### TASK
Below are records with pictures. Transcribe exactly, and only, the lines from the line with "The Salomon Speedcross" to the line with "Ngay sau khi", both ends included, but not the pictures.

### SOURCE MATERIAL
----

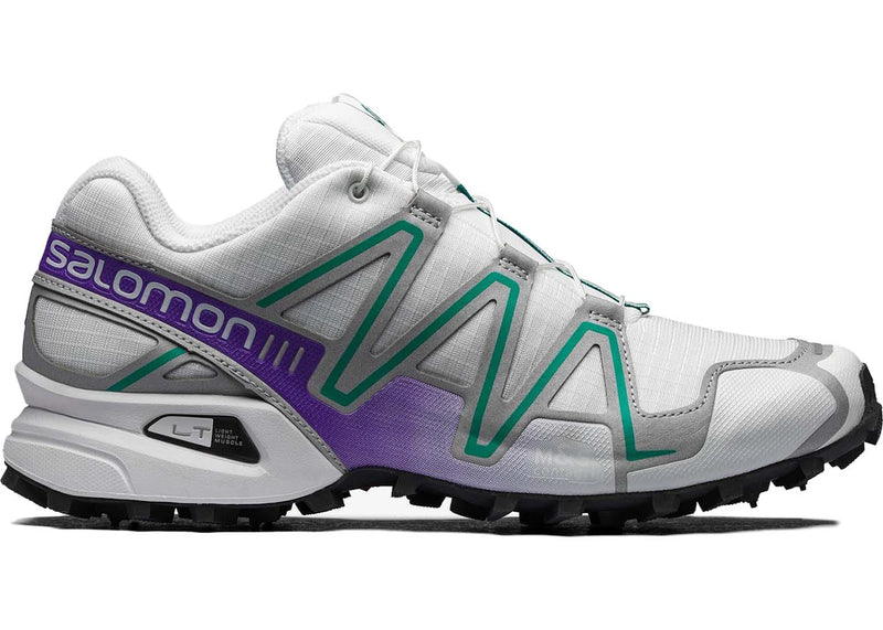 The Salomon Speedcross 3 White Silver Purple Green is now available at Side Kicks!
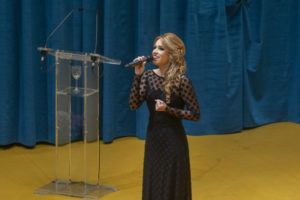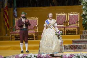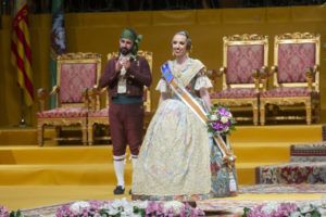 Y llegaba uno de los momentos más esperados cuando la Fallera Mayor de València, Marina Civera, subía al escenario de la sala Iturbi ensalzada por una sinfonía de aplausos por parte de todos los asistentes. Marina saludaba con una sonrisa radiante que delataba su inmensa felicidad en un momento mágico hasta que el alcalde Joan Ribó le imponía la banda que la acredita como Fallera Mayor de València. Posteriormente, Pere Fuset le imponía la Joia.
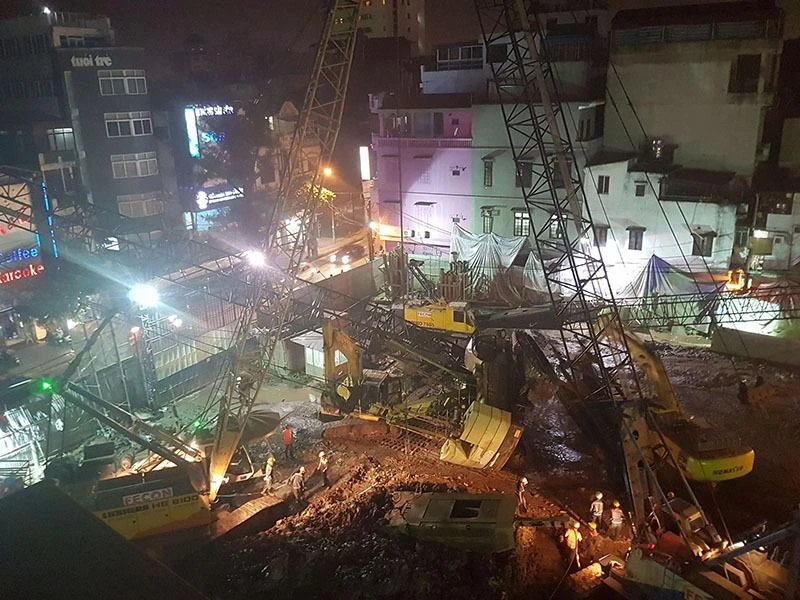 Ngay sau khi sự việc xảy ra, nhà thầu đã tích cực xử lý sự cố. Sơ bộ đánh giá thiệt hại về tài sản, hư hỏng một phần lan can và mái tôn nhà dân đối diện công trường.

----

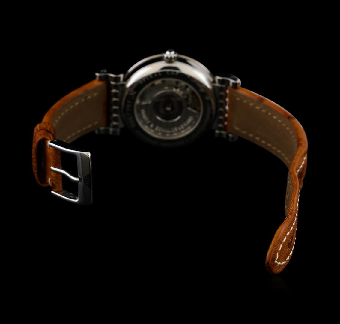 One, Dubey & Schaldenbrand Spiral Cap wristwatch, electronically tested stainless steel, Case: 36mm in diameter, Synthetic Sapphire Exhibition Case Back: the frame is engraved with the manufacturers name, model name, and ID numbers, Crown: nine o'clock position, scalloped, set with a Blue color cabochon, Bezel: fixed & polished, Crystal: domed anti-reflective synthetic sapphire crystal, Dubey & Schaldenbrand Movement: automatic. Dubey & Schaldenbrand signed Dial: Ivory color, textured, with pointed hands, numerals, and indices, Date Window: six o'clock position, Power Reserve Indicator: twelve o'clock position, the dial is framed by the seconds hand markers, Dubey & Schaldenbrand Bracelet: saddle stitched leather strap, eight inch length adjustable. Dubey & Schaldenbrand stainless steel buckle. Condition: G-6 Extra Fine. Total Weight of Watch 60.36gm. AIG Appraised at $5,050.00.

----

### OUTPUT OF THE EXERCISE
 The Salomon Speedcross 3 White Silver Purple Green is now available at Side Kicks!
 Y llegaba uno de los momentos más esperados cuando la Fallera Mayor de València, Marina Civera, subía al escenario de la sala Iturbi ensalzada por una sinfonía de aplausos por parte de todos los asistentes. Marina saludaba con una sonrisa radiante que delataba su inmensa felicidad en un momento mágico hasta que el alcalde Joan Ribó le imponía la banda que la acredita como Fallera Mayor de València. Posteriormente, Pere Fuset le imponía la Joia.
 Ngay sau khi sự việc xảy ra, nhà thầu đã tích cực xử lý sự cố. Sơ bộ đánh giá thiệt hại về tài sản, hư hỏng một phần lan can và mái tôn nhà dân đối diện công trường.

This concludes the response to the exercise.